# Data for processing
----------------
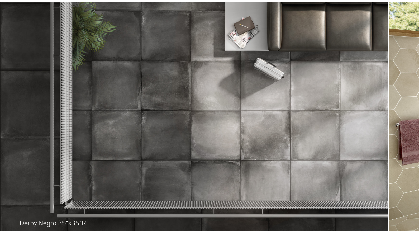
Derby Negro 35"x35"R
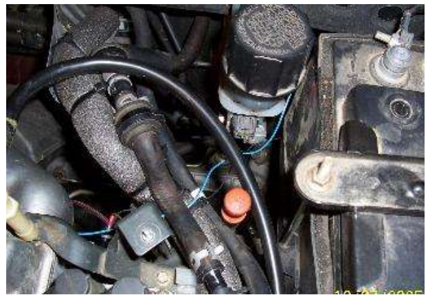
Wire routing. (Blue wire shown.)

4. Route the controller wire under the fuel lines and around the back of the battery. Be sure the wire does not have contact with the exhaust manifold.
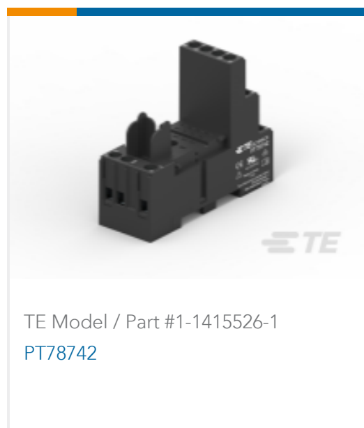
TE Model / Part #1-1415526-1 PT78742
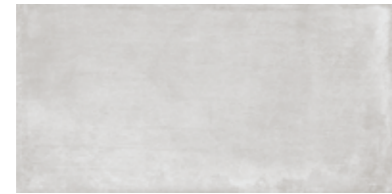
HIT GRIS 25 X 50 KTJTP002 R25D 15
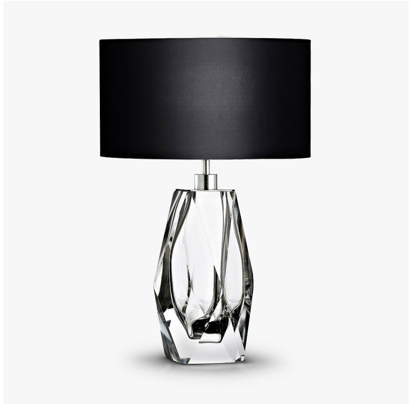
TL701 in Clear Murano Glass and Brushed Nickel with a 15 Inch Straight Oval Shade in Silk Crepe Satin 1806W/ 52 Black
----------------
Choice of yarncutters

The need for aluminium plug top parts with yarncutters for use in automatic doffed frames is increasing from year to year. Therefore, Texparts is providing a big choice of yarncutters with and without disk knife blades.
----------------
# Task to complete
Once the line with "Wire routing. (Blue wire shown.)" is found above, print it and every line after it through the line with "TL701 in Clear", exactly. Pictures stay out.

# Task output
Wire routing. (Blue wire shown.)

4. Route the controller wire under the fuel lines and around the back of the battery. Be sure the wire does not have contact with the exhaust manifold.
TE Model / Part #1-1415526-1 PT78742
HIT GRIS 25 X 50 KTJTP002 R25D 15
TL701 in Clear Murano Glass and Brushed Nickel with a 15 Inch Straight Oval Shade in Silk Crepe Satin 1806W/ 52 Black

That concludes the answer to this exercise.